そのままでも十分魅力的




「私は今日からないすばでぃになります」


「…は?」


「目指せ副長!」


「いきなりなに。頭でも打ったの?」


「失礼ですね!昨日の夜から考えていた目標を馬鹿にしないでください!」


「馬鹿にしてるのは目標じゃなくて名前だけど……ていうか目標も馬鹿らしい」


「更に失礼!」


「…で、何でそんな馬鹿なこと考えたの」


「……昨日、赤の人達と戦ってたとき。ふと副長の方見てみたら、…揺れてたんですよ、おっぱい。
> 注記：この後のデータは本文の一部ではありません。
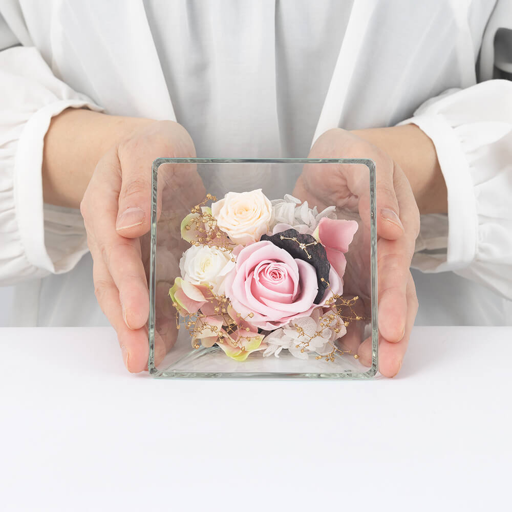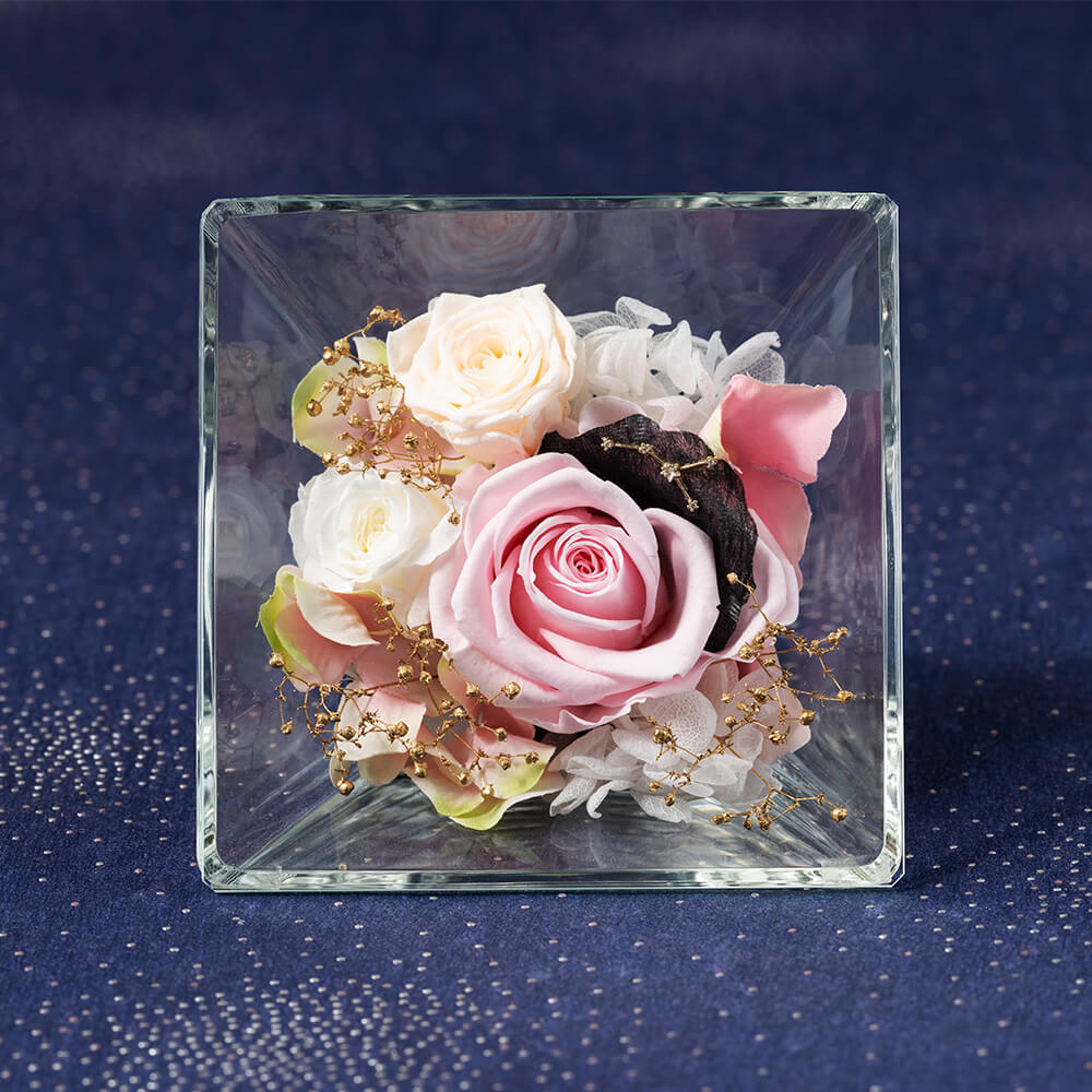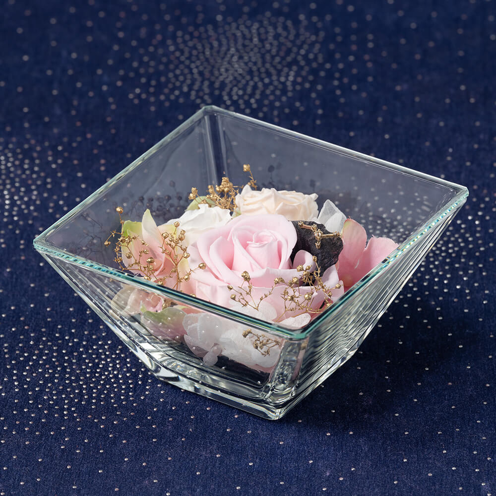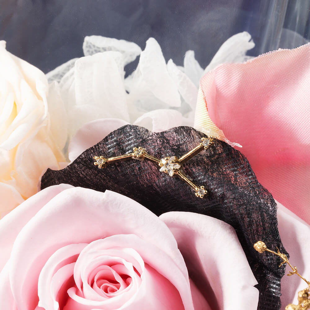 バラの隣で静かに瞬くのは、夜空を模した花弁にあしらわれた蟹座のチャーム。手前に向かって広がるガラスに入ったデザインは、置いたときにお花と目が合いやすく、まるで小さな窓から星空をのぞき込んでいるかのようです。蓋付きなので、お手入れはホコリが付いたら表面をサッとふき取るだけ。きれいな瞬間を永く保てるので、上質なインテリアとして場所を選ばず飾っていただけます。

こう、たわわんと」


名前は自身の手で表現するが、正直伏見にはあまり伝わらない。


「で、羨ましくなったと」


「今までそんなに気にしてなかったんですけど、間近になると…ねえ?」


「同意求めないでよ」


「え、伏見先輩興味ないんですか!?おっぱい!」


「ない」


名前は信じられん!といった目で伏見を見る。


「伏見先輩、あんた本当に男ですか?ハッ、まさか伏見先輩って…ホ、」


「お前って馬鹿なことしか言えないの?」


伏見は不機嫌さを放出させながら名前の鼻を思いっきり掴む。


「ふ、伏見せんぱ、すみませ、息、できな…!」


三途の川がかすかに見えてきたところで、伏見は手を離し名前は無事わたらずに済んだ。


「し、死ぬかと思った…!」


大袈裟な奴だなと思いながら、自然に目線が名前の顔から少し下に向く。



「…別に、今のままでもいいんじゃない」


「え、今何か言いました?」


名前は足りなくなった酸素を取り込むのに必死だった為、伏見の発言を聞き取れなかった。


「……何でもない」


そう言い、伏見は特に意味もなく反対側に向かい歩いた。
微かに頬を赤らませながら。





そのままでも十分魅力的。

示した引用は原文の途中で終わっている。